__WHAT IS BEING ASKED__.
Find the line that contains "Εγκαίνια της Αίθουσας" in the entries below. Restate it and every line after it, word for word, with no pictures.

__DATA SUPPLIED__.
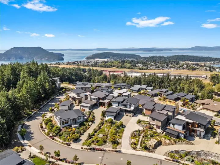 Perched in Rockridge, Anacortes’ premier neighborhood, built by luxury builder Strandberg Construction, this home is truly one of a kind with sweeping views from every side. Soaring windows flood the great room with light, where living, dining, and kitchen blend seamlessly. A two-way fireplace warms the space, while the kitchen offers a walk-in pantry, island with bar seating, and ample storage. The primary suite boasts a fireplace, spa-like bath, and private view deck. Multiple living areas, an elevator, and upstairs wet bar provide comfort at every turn. Outside, enjoy landscaped gardens, walking paths, and backyard spaces framed by ocean and mountain vistas.
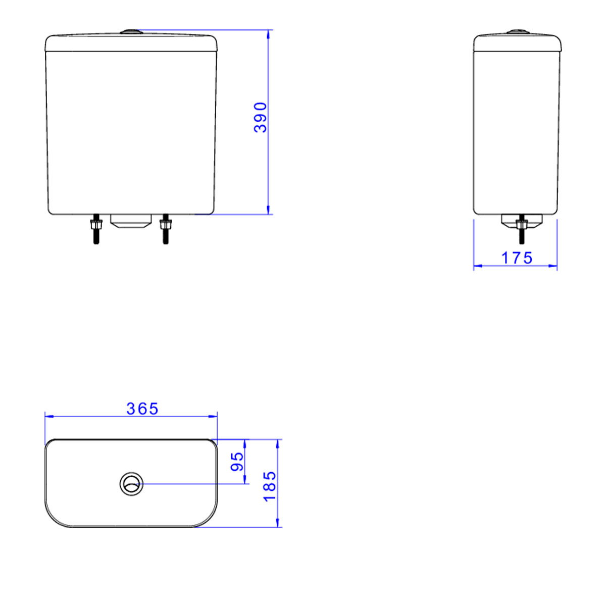 Caixa acoplada com sistema de descarga com tecnologia Hydra Duo, com dois botões: descarga completa: 6 litros (limpeza total) e descarga com volume reduzido: 3 litros (troca de líquidos). Garantindo assim uma economia de água de até 60%.
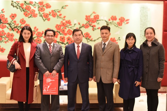 的西班牙语专业能得到长足发展,有所突破。对此,David先生回应道,他认为如今越来越多的秘鲁人有兴趣学习中文,中秘两国关系紧密,中华文化在秘鲁影响深远。他对于焦副校长提出的加强联系合作表示了认同。同时他也指出,中秘两国间除了互派留学生以外还能够有更多合作推进。焦副校长对David先生的提议表示了充分认可,并鼓励两国学者共同合作开展研究项目。会议最后,双方合照并且交换了礼物,金宝博
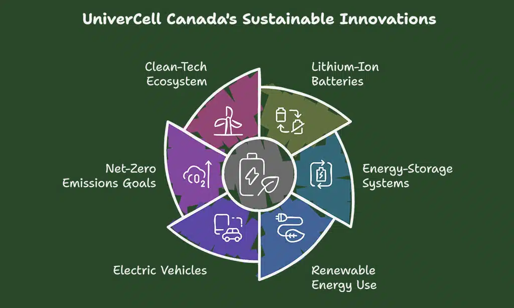 UniverCell Canada focuses on improving battery technologies for a greener future. The company works on innovations in lithium-ion batteries and energy-storage systems, aiming to boost renewable energy use.
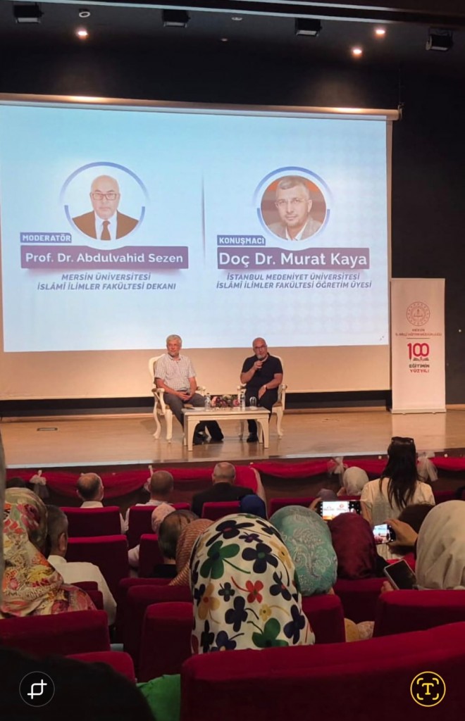 Mersin Üniversitesi İlahiyat Fakültesi Dekanı Prof. Dr. Abdulvahid Sezen'in moderatörlüğünde, İstanbul Medeniyet Üniversitesi İslami İlimler Fakültesi Öğretim Üyesi Doç. Dr. Murat Kaya "Peygamber Efendimiz Hz. Muhammed (SAV) ve Aile" konulu bir konferans verdi. Doç. Dr. Kaya, İslam'da ailenin yeri ve Hz. Peygamber'in aile hayatına dair örnek davranışlarını ele alarak katılımcılara önemli bilgiler sundu.
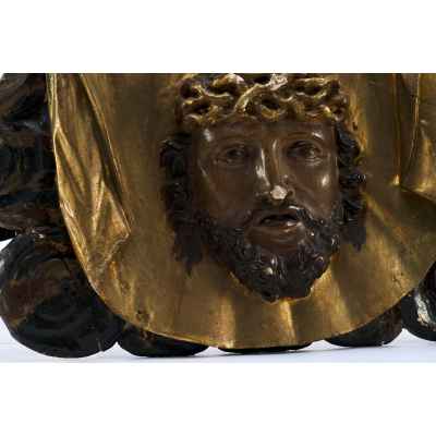 Рельефное изображение «Спас Нерукотворный» представляет собой выразительное произведение христианского сакрального искусства, выполненное во второй половине XIX века в одной из европейских мастерских. Композиция построена вокруг образа страдальческого лика Иисуса Христа, отпечатленного на убрусе — тканевом покрывале, символически воспроизводящем нерукотворный образ, согласно древнему христианскому преданию.
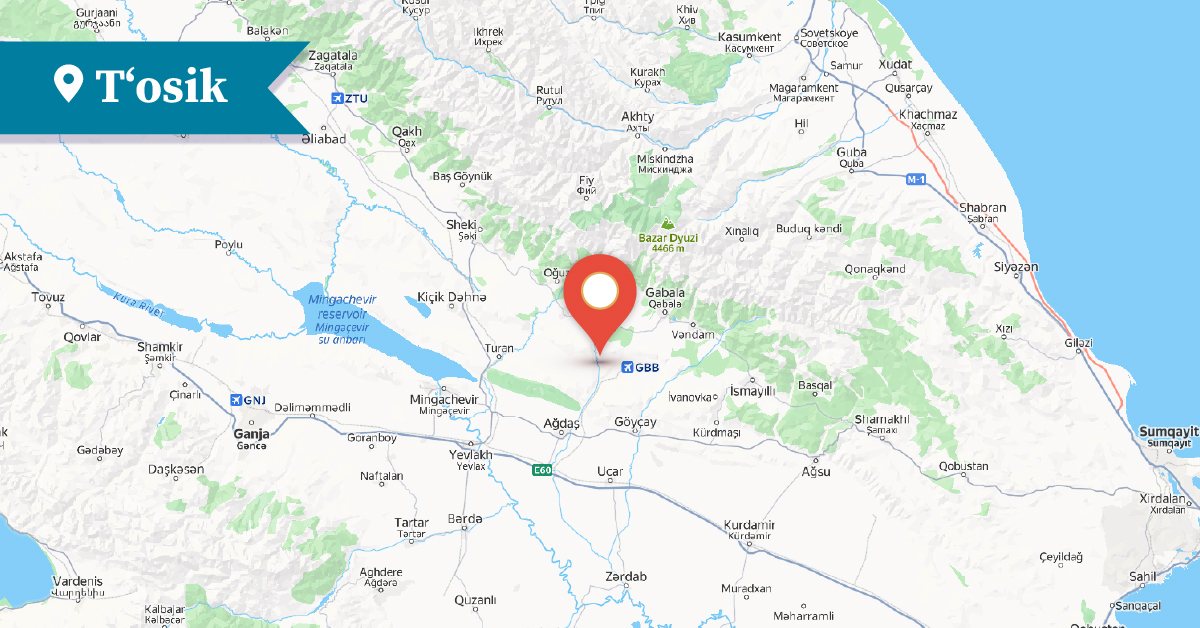Tʻosik was one of the Armenian villages of historical Caucasian Albania. It was located 22.7 km southwest of the present-day administrative centre of Gabala (Kutkashen).
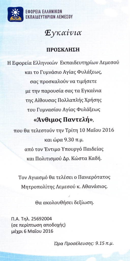 Εγκαίνια της Αίθουσας Πολλαπλής Χρήσης του Γυμνασίου Αγίας Φυλάξεως "Άνθιμος Παντελή"
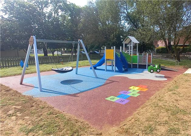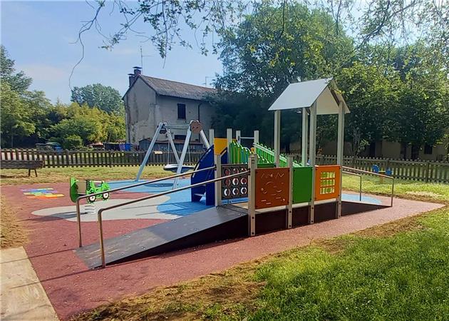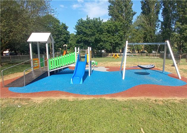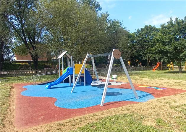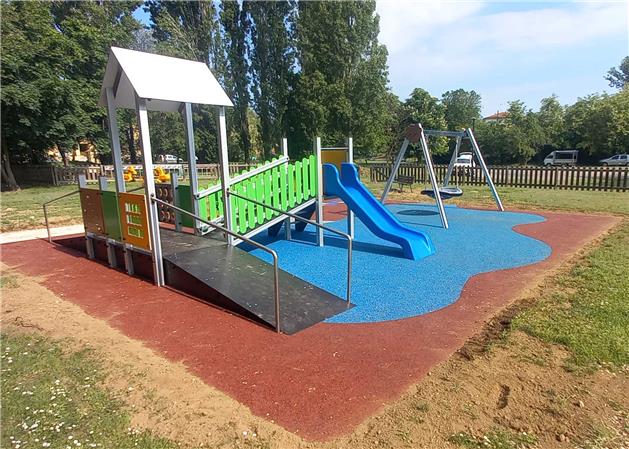 Un castello inclusivo, con scivolo e pedana, dotato di pannelli gioco e una altalena con cestone accessibile a tutti. La pavimentazione antitrauma colata in opera è stata personalizzata con colori e disegni.
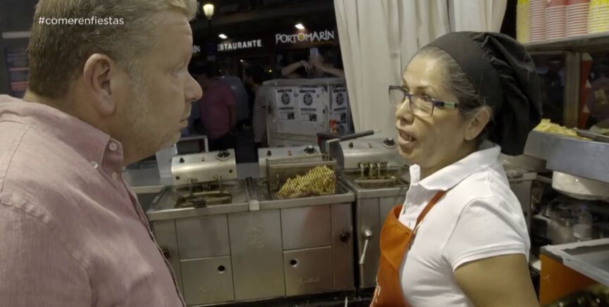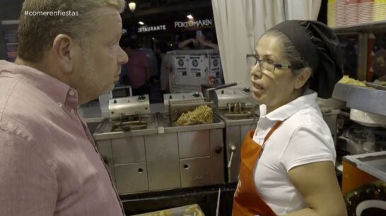 "¡Buenas tardes! ¿Cómo estamos? Vaya fritada de huevos que tiene usted aquí...". Así se presenta Alberto Chicote en una de las casetas de la feria de San Lorenzo de Madrid cuando ve que están utilizando huevos frescos en algunos de sus platos, aunque sea algo que no está permitido según el pliego de condiciones elaborado por el departamento de Sanidad y Consumo de Madrid. "¿Usted sabe que está prohibido vender esto en los puestos? Y tenéis ahí las tortillas a temperatura ambiente, los chorizos... nada, nada", le comenta el chef, que pide hablar con la encargada para leer estas normas. "No sé si usted es consciente de esto", le recrimina. Ella asiente con la cabeza.

__RESULT FOR THIS EXERCISE__.
 Εγκαίνια της Αίθουσας Πολλαπλής Χρήσης του Γυμνασίου Αγίας Φυλάξεως "Άνθιμος Παντελή"
 Un castello inclusivo, con scivolo e pedana, dotato di pannelli gioco e una altalena con cestone accessibile a tutti. La pavimentazione antitrauma colata in opera è stata personalizzata con colori e disegni.
 "¡Buenas tardes! ¿Cómo estamos? Vaya fritada de huevos que tiene usted aquí...". Así se presenta Alberto Chicote en una de las casetas de la feria de San Lorenzo de Madrid cuando ve que están utilizando huevos frescos en algunos de sus platos, aunque sea algo que no está permitido según el pliego de condiciones elaborado por el departamento de Sanidad y Consumo de Madrid. "¿Usted sabe que está prohibido vender esto en los puestos? Y tenéis ahí las tortillas a temperatura ambiente, los chorizos... nada, nada", le comenta el chef, que pide hablar con la encargada para leer estas normas. "No sé si usted es consciente de esto", le recrimina. Ella asiente con la cabeza.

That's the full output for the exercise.